■ Work item ■
Write out all the data verbatim. Skip images.

■ Information provided ■
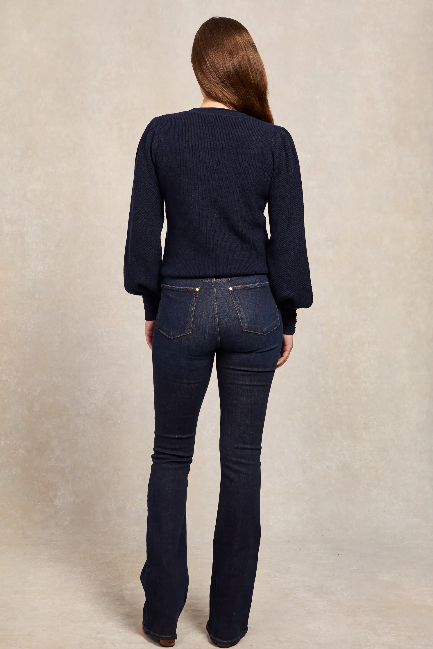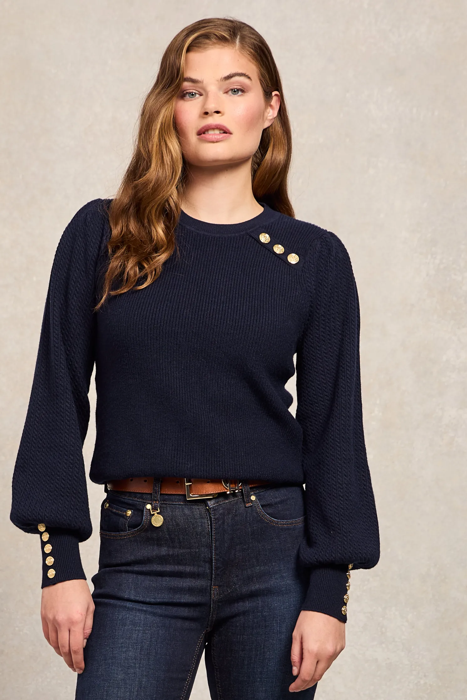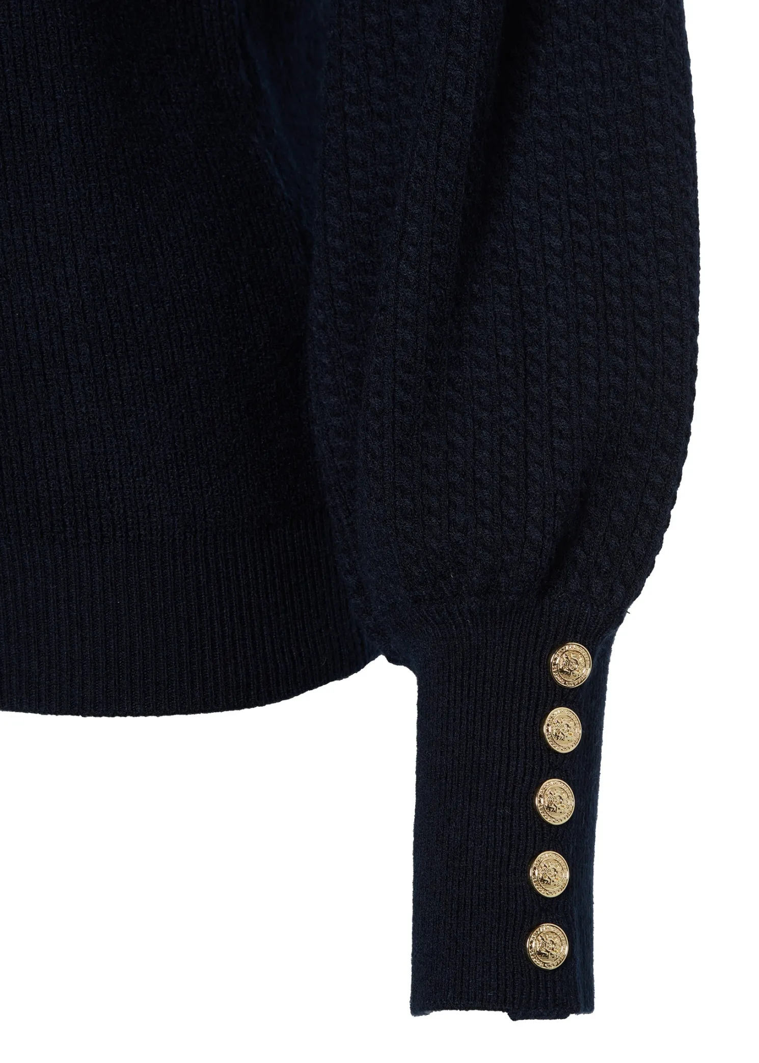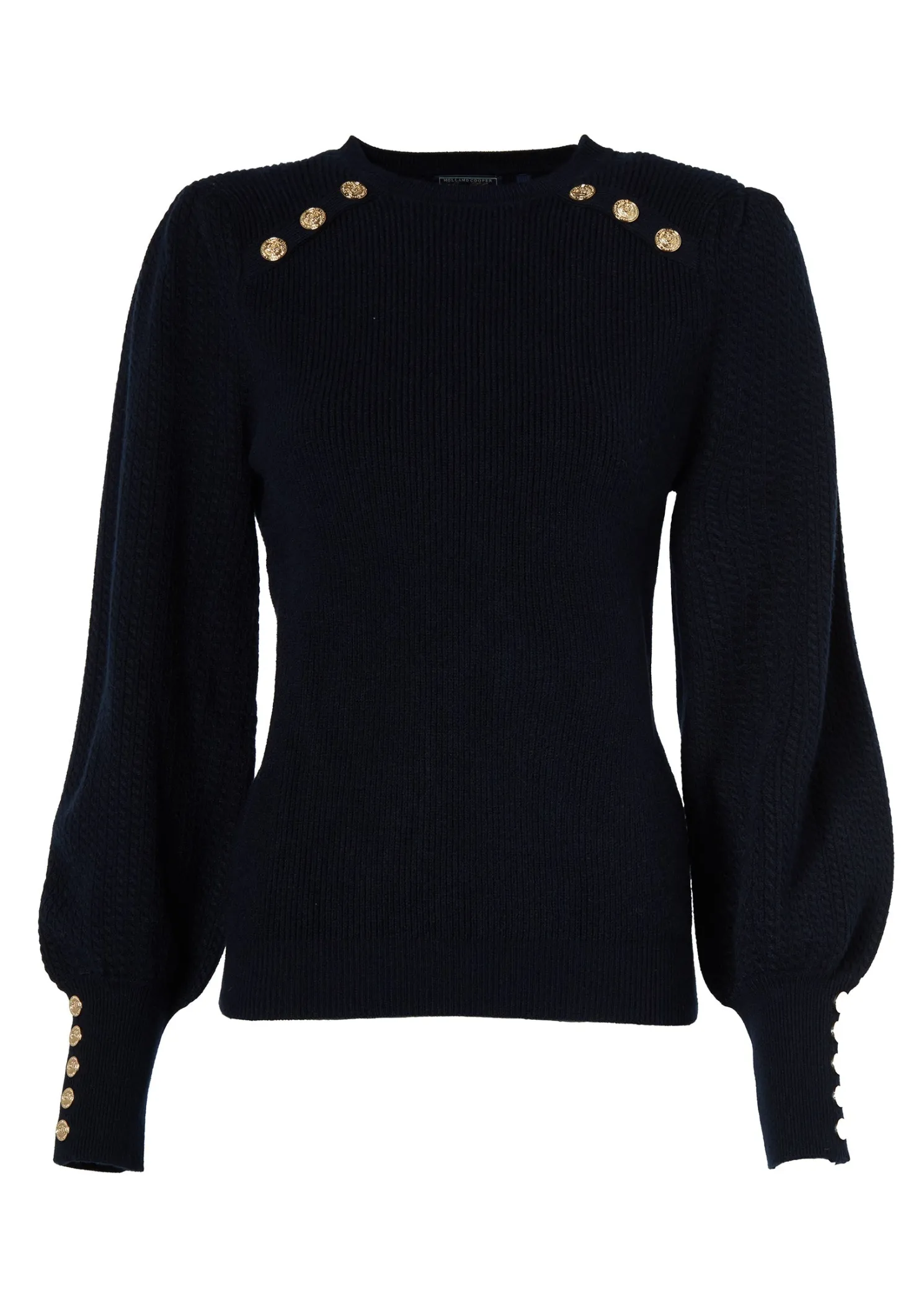 A stylish blend of modern design and classic elegance. The main body features a refined ribbed texture, while the blouson sleeves are adorned with an intricate cable stitch pattern, adding a touch of sophistication. Hardware detailing at the neckline and cuffs enhances the luxurious appeal. With a slim fit throughout the body the Naomi Crew Neck Knit offers both versatility and chic style.
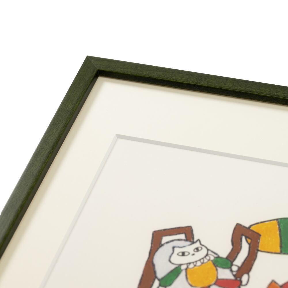 この額装品を部屋に飾ると、空間にあたたかくやさしいムードが漂い、視線を向けるたびにほんのりと元気が蘇ります。カラフルな椅子とネコたちのゆるやかな佇まいが、部屋に遊び心と癒しをもたらし、どこかホッとできる空気を演出します。たとえばリビングやこども部屋、廊下など、やわらかな色彩が調和する空間に置くと、見る人を楽しませながらインテリアアートとしての存在感も発揮します。日常の中に“ささやかな幸せ”を添え、ふと立ち止まって心を休ませてくれる、暮らしに寄り添うやさしいアートです。
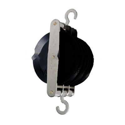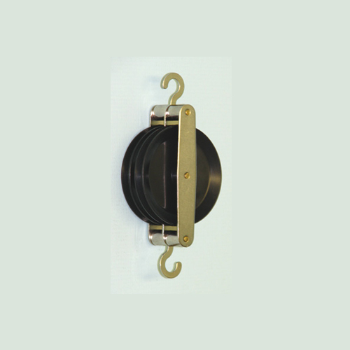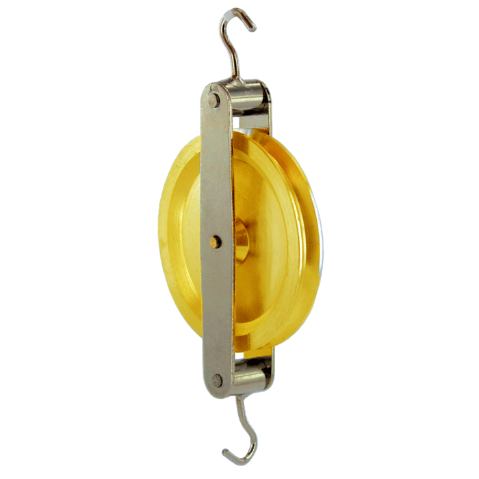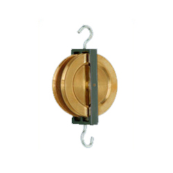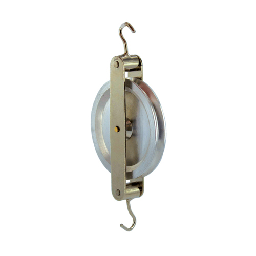 aluminum Pulley 50 mm dia, mounted in brass frame with two hooks.
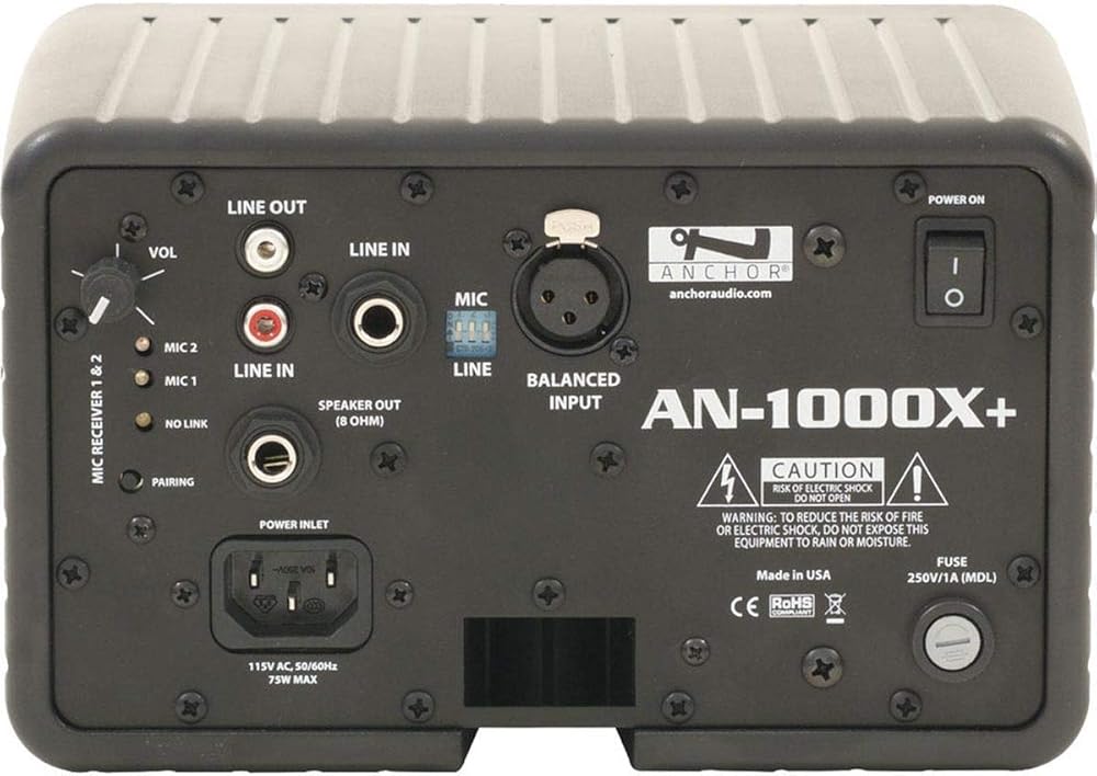Anchor audio AN-1000XU2+ with 2 built-in wireless receivers. Lightweight speaker delivers 107 db od sound. Reaches a crowd of over 250 people, 107 dB of clear sound, 2 built-in wireless receivers for wireless microphone options, 50 watt amplifier, bass and treble controls, 4.5 inch ac powered woofer and 10mm dome tweeter. RCA and 1/4 inch line inputs configurable for mic/xlr input. Configurable 220vpliant durable abs housing inputs for connecting a video projector, cd/dvd player, ipod. , mp3, or pc. Speaker output speaker (sold separately). Mountable on a stand, on the wall, or can be placed on a shelf. Reaches crowds of 250+ 107 dB of clear sound 50 W AC mode 2 built-in wireless receivers, 1.9 GHz 1/4-inch line input, one 4.5-inch woofer, one 10 mm dome tweeter Integrated mounting screws for easy installation (bracket with Allen wrench sold separately) 1/4-inch line output to daisy chain multiple units Made in the USA D: 9" x 8" x 5.5"

■ Exercise output ■
 A stylish blend of modern design and classic elegance. The main body features a refined ribbed texture, while the blouson sleeves are adorned with an intricate cable stitch pattern, adding a touch of sophistication. Hardware detailing at the neckline and cuffs enhances the luxurious appeal. With a slim fit throughout the body the Naomi Crew Neck Knit offers both versatility and chic style.
 この額装品を部屋に飾ると、空間にあたたかくやさしいムードが漂い、視線を向けるたびにほんのりと元気が蘇ります。カラフルな椅子とネコたちのゆるやかな佇まいが、部屋に遊び心と癒しをもたらし、どこかホッとできる空気を演出します。たとえばリビングやこども部屋、廊下など、やわらかな色彩が調和する空間に置くと、見る人を楽しませながらインテリアアートとしての存在感も発揮します。日常の中に“ささやかな幸せ”を添え、ふと立ち止まって心を休ませてくれる、暮らしに寄り添うやさしいアートです。
 aluminum Pulley 50 mm dia, mounted in brass frame with two hooks.
Anchor audio AN-1000XU2+ with 2 built-in wireless receivers. Lightweight speaker delivers 107 db od sound. Reaches a crowd of over 250 people, 107 dB of clear sound, 2 built-in wireless receivers for wireless microphone options, 50 watt amplifier, bass and treble controls, 4.5 inch ac powered woofer and 10mm dome tweeter. RCA and 1/4 inch line inputs configurable for mic/xlr input. Configurable 220vpliant durable abs housing inputs for connecting a video projector, cd/dvd player, ipod. , mp3, or pc. Speaker output speaker (sold separately). Mountable on a stand, on the wall, or can be placed on a shelf. Reaches crowds of 250+ 107 dB of clear sound 50 W AC mode 2 built-in wireless receivers, 1.9 GHz 1/4-inch line input, one 4.5-inch woofer, one 10 mm dome tweeter Integrated mounting screws for easy installation (bracket with Allen wrench sold separately) 1/4-inch line output to daisy chain multiple units Made in the USA D: 9" x 8" x 5.5"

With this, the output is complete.